こんにちは。50代会社員向け「セカンドキャリア塾」を運営する大桃です。
前回は「農家と50代会社員の協働」という新しい選択肢について、富山県のハーブ園さんや、兵庫県の有機栽培農家さんの事例を交えてご紹介しました。今回は、50代会社員と一緒に取組むと相性の良い、具体的な業務内容や働き方、注意ポイントについて、解説します。
50代会社員の「得意」を活かし、自分たちの困りごとを解決する、業務の選び方
コロナ禍は本当に大変でしたが、唯一良かったと言えることは、全国あまねく「オンラインで誰かと何かをすることが一般化した」点ではないでしょうか。

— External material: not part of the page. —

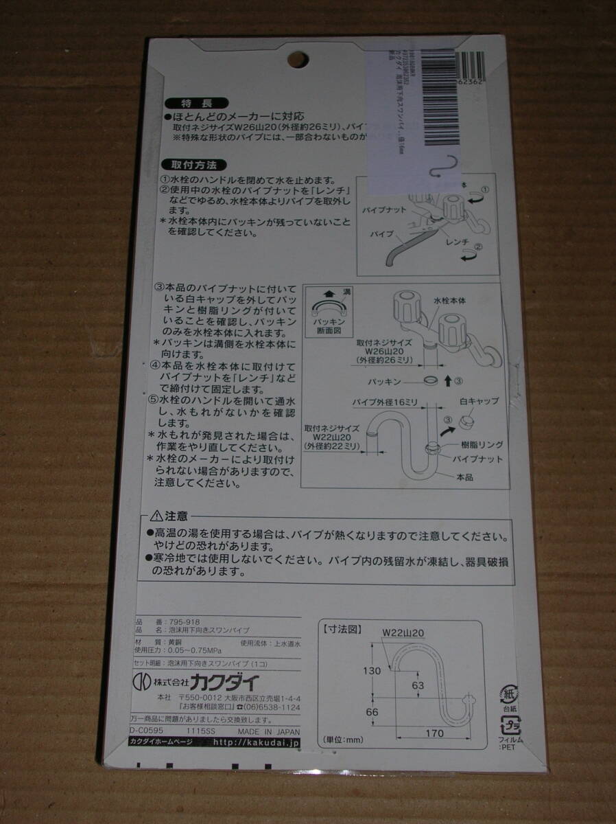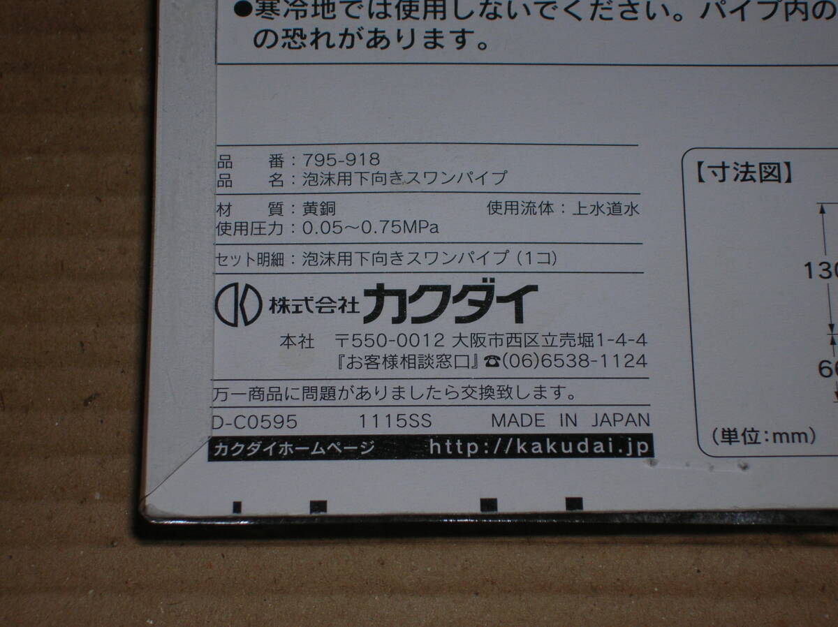 カクダイ(KAKUDAI) 泡沫用下向スワンパイプ 795-918

50代会社員との協働「大人のインターンシップ」も、オンラインから始めるケースが9割以上。当然、向く業務・向かない業務があります。「大人のインターンシップが威力を発揮する業務」それは「急いでいないけれど、大事なこと」。
例えば、「直販できるお客さんを新たに見つけたい」「クラウドの会計ソフトを入れたいけれど、どのソフトがいいのか分からない」「紙の管理をもっと便利にしたい」など、「こうなったらいいな」と思いながら、手をつけられていない困りごとはないでしょうか?
当社の大人のインターンシップでよくある業務領域は、以下の3つです。(図1参照)
「次の戦略や新しい事業を考える」
「新しいお客さんを見つける」
「業務を効率化したり、働きやすくする」


特に、「専門家に相談するには、ちゃんと整理してからじゃないと伝えられない」と二の足を踏んでいる課題は、大人のインターンシップが向く仕事。
なぜなら、大人のインターンシップに参加する50代会社員の皆さんが日常的にやっているのは、何かしらの問題を見つけて、整理し、解決のアイデアを出し、優先順位をつけて、取組むこと。いわゆる「PDCAを回す」ような仕事です。
だから、「具体化していない」「ふわっとしている」「よく分かっていない」ことを一緒に考えるパートナーとして最適なんですね。
実は、まだ固まっていない課題を一緒に考えることは、50代会社員の参加者にとって「新しい学び」になります。ですから、「こんなちっぽけな課題でいいのかな」「整理されていなくて申し訳ない」と遠慮する必要はありません。
また、「大手企業の人だから、上から目線で身の丈に合わないことを言われるのではないか」と心配される方もいらっしゃいます。
実は、当社のインターンシップ受入企業の満足度は100%、そのうち「期待以上」との回答も30%。嘘のようなホントの数字ですが、これも「学ぶ」研修プログラムの一環としての大人のインターンシップだからこそ、参加者は「自分の社内での経験を社会で活かしたい」「学びたい」という姿勢で取組むことが背景にあります。
50代会社員とのインターンシップ、研修生や農業アルバイトとは何が違うの?
期間限定で不足する労働力を補ってもらう選択肢として、研修生や農業アルバイトを受け入れている農家さんも沢山いらっしゃることと思います。私の祖父母もコシヒカリ農家でしたので、春と秋は毎週末、沢山の人たちと一緒に農作業をして楽しかった記憶があります。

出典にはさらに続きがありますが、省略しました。